Primark Demerger
Unlocking the Value Trapped Inside a Conglomerate
Please read disclaimer at bottom of writeup - this report is not investment advice
Introduction
Associated British Foods plc has spent the better part of six decades as one of Britain’s most unusual conglomerates. It is a business that, in the same annual report, discusses the sugar price in Europe, the performance of Twinings tea in Australia, and the like-for-like sales of a value fashion chain that operates 486 stores across 19 countries. That discrepancy has been an enduring source of valuation frustration for investors. The market has consistently struggled to price a group where roughly half of revenue comes from farming, processing sugar and manufacturing yeast, and the other half comes from one of the world’s largest physical clothing retailers. The result has been a persistent and deeply embedded conglomerate discount, with ABF’s blended enterprise value sitting at approximately 6x EV/EBITDA as of the time of writing, a multiple that fails to reflect the quality of either business in isolation.
On 21 April 2026, alongside its H1 2026 results, ABF's board announced it had reached a definitive decision to proceed with a demerger of its Retail business trading as Primark from its Food operations, to be known as FoodCo. The separation is to be effected by way of a dividend demerger, under which existing ABF shareholders will receive shares in Primark directly, without any cash consideration, retaining their existing holding in FoodCo simultaneously. Both entities are expected to list on the Equity Shares (Commercial Companies) category of the London Stock Exchange and, given their scale, are anticipated to be constituents of the FTSE 100 on admission. The timetable targets completion before the end of the 2027 calendar year, with a probable sweet spot between June and October of that year, as indicated by ABF's Chairman.
This report initiates coverage on Primark as a standalone investment case ahead of that listing. Primark is, by annualised revenue of approximately £9.5bn, the largest pure-play international apparel retailer that will exist on the London Stock Exchange. It operates a business model that is structurally differentiated from its peers: physical-only stores, no ecommerce fulfilment cost base, a lean central supply chain managed from Dublin, disciplined capital allocation, and a consistent track record of strong free cash flow generation across most market environments. It is also a business confronting genuine structural questions: the competitive pressure from Shein and Temu, the long absence from online retail, and the challenge of reigniting like-for-like sales in a weak European consumer environment. The investment case requires both to be held simultaneously.

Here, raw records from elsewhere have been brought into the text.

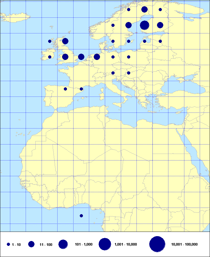 recoveries held in the EURING Data Bank. The contents of the EURING Data Bank may change, mostly as a result of recent data from ringing schemes. Numbers of records currently held may be slightly different from those quoted here.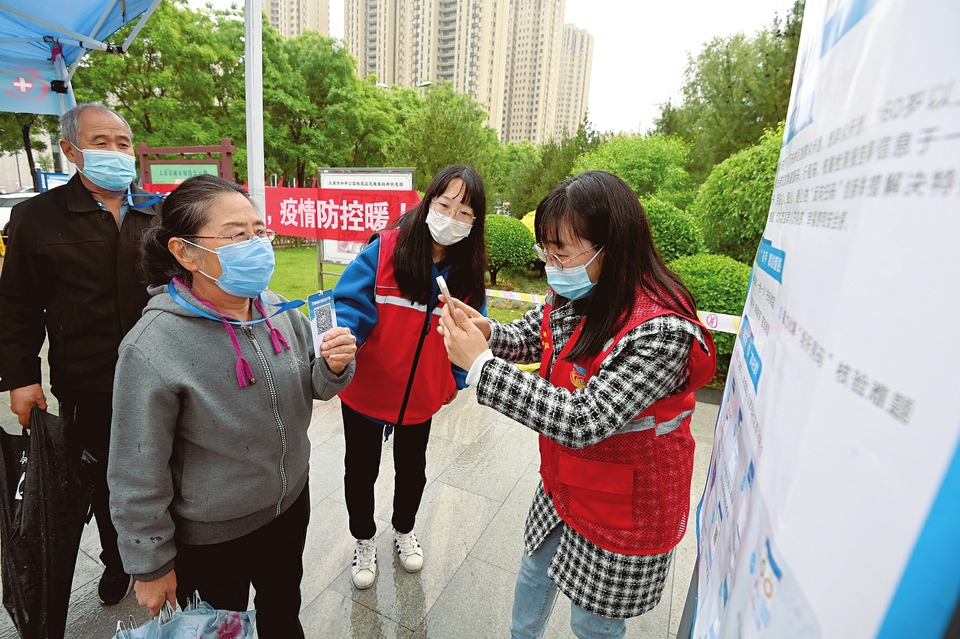 5月12日,太原市和平公園核酸檢測點(diǎn),老年居民體驗“反向掃碼”帶來的便捷。據(jù)了解,常態(tài)化疫情防控下,為保障老年人和未成年人便捷出入公共場所,萬柏林區(qū)為60歲以上老年人及未成年人免費(fèi)發(fā)放集健康碼、行程卡、核酸檢測報告等信息于一體的愛心碼出行卡,用“反向掃碼”新舉措解決特殊群體“亮碼”難題。(記者阮洋攝)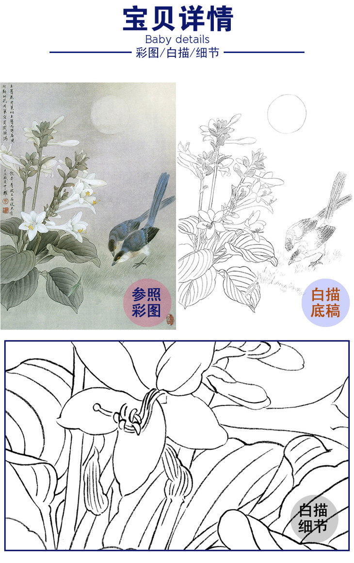 竖幅工笔花鸟白描底稿-周中耀《夜来香》-多种白描尺寸可选-ZT10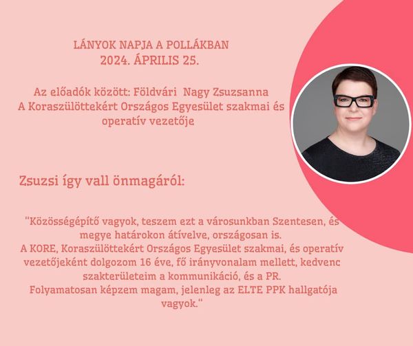 Kezdőlap Hírek Oktatás, tanulmányi hírek Lányok Napja a Pollákban – Bemutatjuk a rendezvény előadóit I….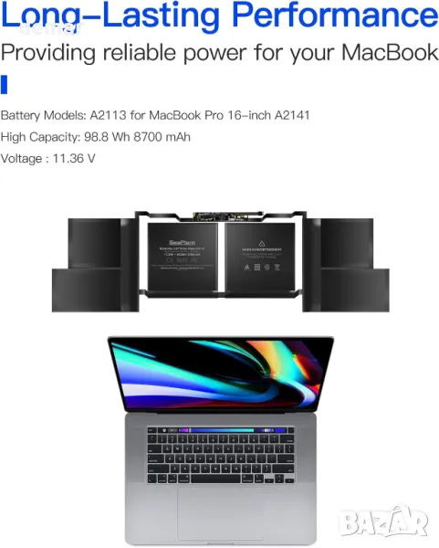 Модел на батерията: A2113; Напълно съвместима с MacBook Pro 16-инчов A2141 (2019).

We believe the demerger is the right structural decision, that Primark deserves a materially higher EV/EBITDA multiple as a standalone listed entity than it is currently afforded inside ABF, and that the valuation range implied by peer comparisons, approximately 10x to 13x EV/EBITDA represents a substantial re-rating from today's blended 6x. We are constructive on the long-term case and cautious on the near-term execution risk.